Spreedly's Judd Howard explains how AI turns once-differentiating features into commodities, making infrastructure and data platforms the real moats.
Payments technology is moving through a familiar cycle. A capability that once made a provider stand out – forecasting transaction volumes, personalizing checkout flows, synthesizing data across channels – becomes standard within months. Artificial intelligence accelerates that compression, according to Judd Howard, senior product manager for AI at Spreedly.
“It’s a hope-based landscape,” he told PYMNTS for the June 2026 edition of the “What’s Next in Payments” series. “People are coming with the idea of setting themselves up for the future and continuing to grow.”
The metaphor he used to frame the shift: aspirin versus vitamins. Aspirin products solve an acute, urgent problem.
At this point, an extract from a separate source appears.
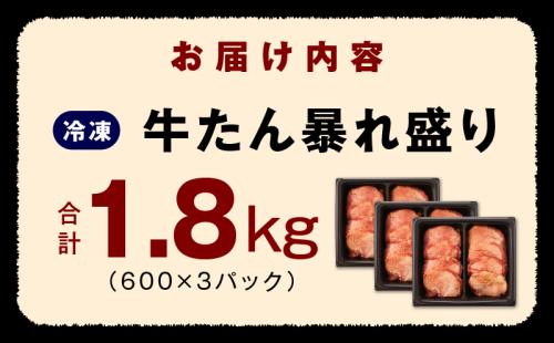 牛たん 暴れ盛り 1.8kg 小分け 600g×3P【牛肉 牛タン 牛たん 厚切り 焼肉 BBQ キャンプ アウトドア 焼くだけ 簡単調理 訳あり サイズ不揃い 小分け 家計応援】 G3507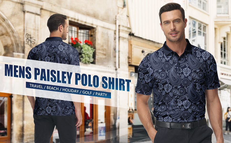 • 【مطابق】قميص بولو بيزلي للرجال مع شورت أبيض أو مع بنطال تشينو أسود، ابحث عن مظهر كاجوال وأنيق. هدية رائعة للعائلات أو الأصدقاء أو الأصدقاء!

Vitamins optimize performance over time, no one rushes to buy them. In payments, certain functions have crossed firmly into the aspirin category.
“If you break down the life cycle of a payment, you have tokenization, processing and reconciliation,” Howard said. “Those three things have become – if they weren’t already aspirin – they’re now more in the aspirin realm.”
The catch is that AI makes building the next aspirin easier for everyone. Large language models and AI-powered development tools are collapsing the time it takes to integrate tokenization, route transactions, or reconcile ledgers. The gap between a new entrant and an incumbent shrinks with every API update.
That does not mean incumbents lose. Howard argued that the hard work of building secure, compliant, scalable infrastructure before AI arrived may be the best preparation for the AI era. “If you’ve already done a lot of that hard work building up a very strong payment strategy that felt resilient in the pre-AI world, you might even be more prepared for this new era than you think,” he said.
Buyers of payment technology are no longer reacting only to immediate pain. They are asking strategically where AI will reshape commerce over the next several years. Data platforms and workflow orchestration tools fall into the vitamin category – nice to have, harder to sell in a budget cycle, potentially decisive when the next wave of AI-driven commerce arrives.
“Data platforms, workflows, those are vitamins,” Howard said. “Those are things that are going to help you optimize your strategy going forward.”
The read-through for payments investors is not about betting on the latest feature. The companies that already own the aspirin functions – secure capture, reliable routing, compliant settlement – and have built the data infrastructure to layer AI on top may be the ones that keep their margins. The providers that rely on feature differentiation alone risk getting squeezed as AI commoditizes the next batch of capabilities.
Howard summed it up: “I think payments, uniquely, because it’s so infrastructural, has been set up with a lot of the fundamentals around compliance and security so that it can scale with AI.”
The companies that invested in that foundation before the hype cycle started may find AI amplifies their advantage rather than erases it.